High and Low: The Psalms and Suffering

I can be pretty hard on Calvinism. I grew up in an Arminian tradition and I still recall Sunday school lessons as a boy where we taught that doctrines such as Original Sin and predestination were wrong and unbiblical.

But I'd like to say something nice about Calvinism today. Less about Calvinism as a doctrinal stance than about its emotional appeal. Particularly when we confront pain and suffering the the world.

My observation in brief: When we face suffering some people like to go high and some people like to go low.

A few years ago I was helping lead a study of the Psalms in our adult bible class at church. We were using the categories of Walter Brueggemann grouping the Psalms under the headings psalms of orientation and psalms of disorientation. Psalms of orientation are the psalms of unmitigated praise. YHWH reigns supreme in these psalms and the world is well-ordered. By contrast, the psalms of disorientation are the psalms of protest and lament where YHWH has gone missing and the world seems to be falling apart.

As a Winter Christian (for more about "Sick Souls, Winter Christians and Saints of Darkness" see Chapter 6 in The Authenticity of Faith) I gravitate toward the psalms of disorientation. And I had assumed, going into the study on the Psalms, that anyone facing suffering or difficulties would also gravitate toward these psalms. When you are in distress you'd go to psalms that articulated that distress, right? That's what I do, so I just assumed everyone would do this.

But I was wrong. What I discovered was that many people go to the psalms of orientation--psalms of praise which declare God's control and sovereignty over a well-ordered creation--for comfort and solace in times of trouble. That struck me as strange. Why, when your world is falling apart, would you sing songs of a well-ordered and well-governed world?

The answer, as I listened to people talk about this, how they used various psalms during times of trouble, was that some people want to take in the big picture, the view of heaven, in the face of suffering. That is, they want to see far down the road to see that all will be well in the end. That, despite appearances today, God is ultimately in control. And you get this view best in the psalms of orientation. To be sure, you sing these psalms with tears in your eyes. You weep them out. You offer them up as hope. But this long view, the view from heaven, helps you get through the day.

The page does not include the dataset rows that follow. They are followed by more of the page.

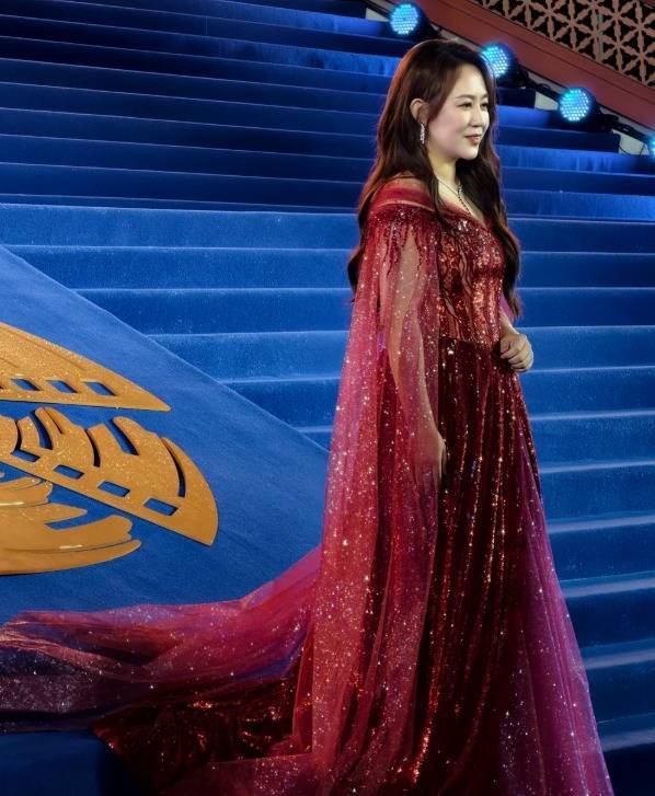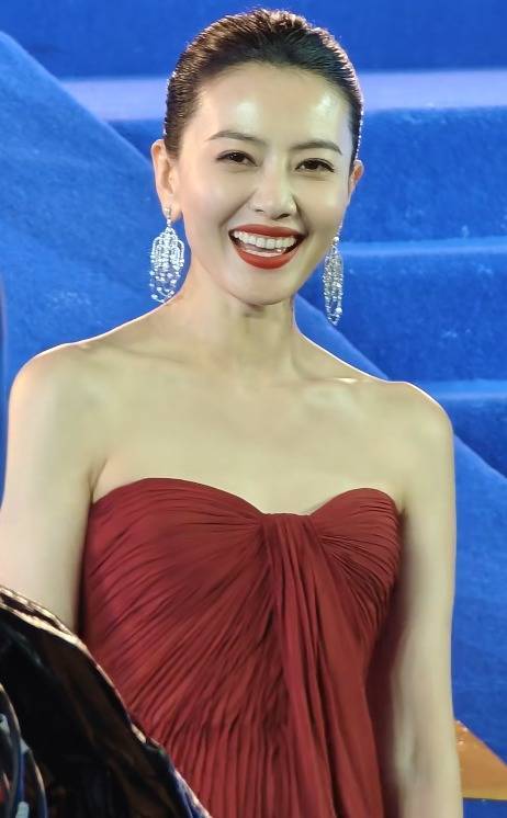 酒红色抹胸礼服,搭配大光明盘发的造型,一般人都难以驾驭,太考验明星的硬件条件和个人气质了。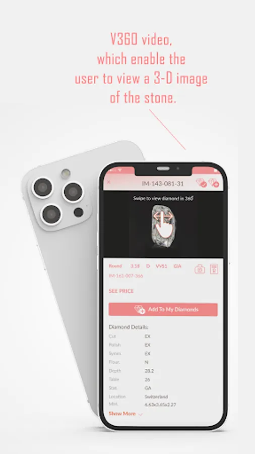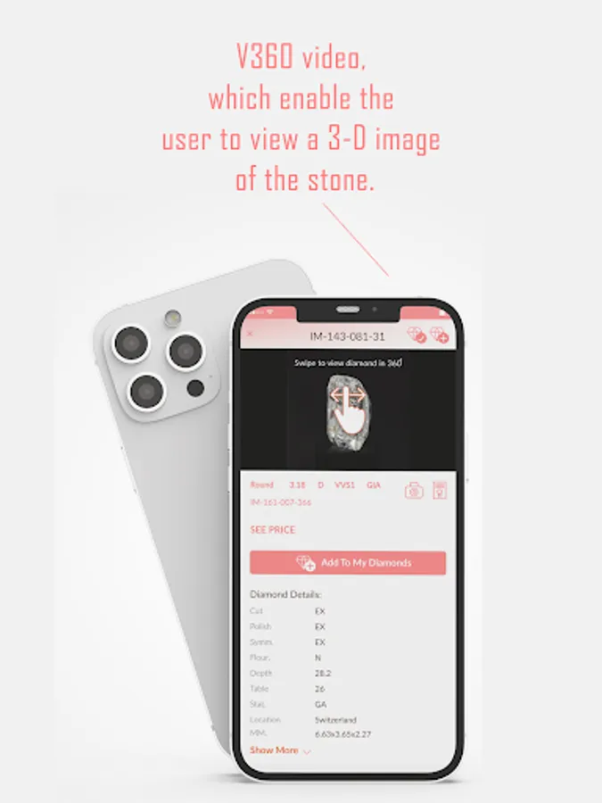 This improved app also enables you to view V360 lab grown diamond photography and certificates.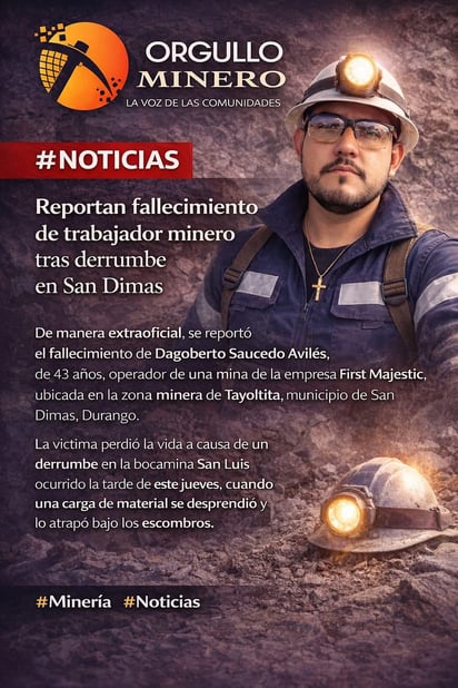 La comunidad minera manifiesta el deseo de que la familia de su compañero encuentre consuelo en medio de esta irreparable pérdida.

Like I said, some people like to go high.

But many others like to go low. That is, they like to stick close to the suffering on earth, to the painful human experience. The psalms of lament do this. They take the perspective of earth looking up to a blank and silent heaven. These psalms shake their fists at the sky. For many people, these are the psalms that best articulate the experience of their suffering. These words best fit their tears.

So some people like to go high and some people like to go low. Some people in the face of suffering want to climb into heaven and look down from God's sovereign vantage-point. Others want to stay close to the pain and scream at an empty sky.

Is one way better than the other? Is one way more honest or truthful?

I used to judge those who went high in the face of suffering. I felt that their appeals to God sovereignty were a form of denial, fantasy, and escapism. A too-easy move toward "God is in control and all is for the good." To be sure, I think this is often the case. I wrote a whole book in The Authenticity of Faith about how and why this happens. But over the years I've grown more understanding when people go high.

To be clear, I don't like it when others go high on behalf of those who are suffering. You don't say in trying to comfort the one in pain, "God willed this and it's for the best." You don't use the psalms of orientation as existential band-aids to patch people up. That's obscene. You don't go high for other people. If they want to climb into heaven to take in the view, great, but don't you do it for them.

What I'm talking about here is when those who are suffering go to the psalms of orientation on their own. When people do this I don't think they are being naive or escapist. Because, like I said above, I've seen how these psalms of praise are sung through tears. How they express hopes and longings as much as certainty and conviction. I've seen how these psalms, when paired with tears, are a sort of lament, a deep longing and cry for a place and time when pain shall be no more. A way of expressing the hope, in the words of Julian of Norwich, that "all shall be well, and all shall be well, and all manner of thing shall be well.”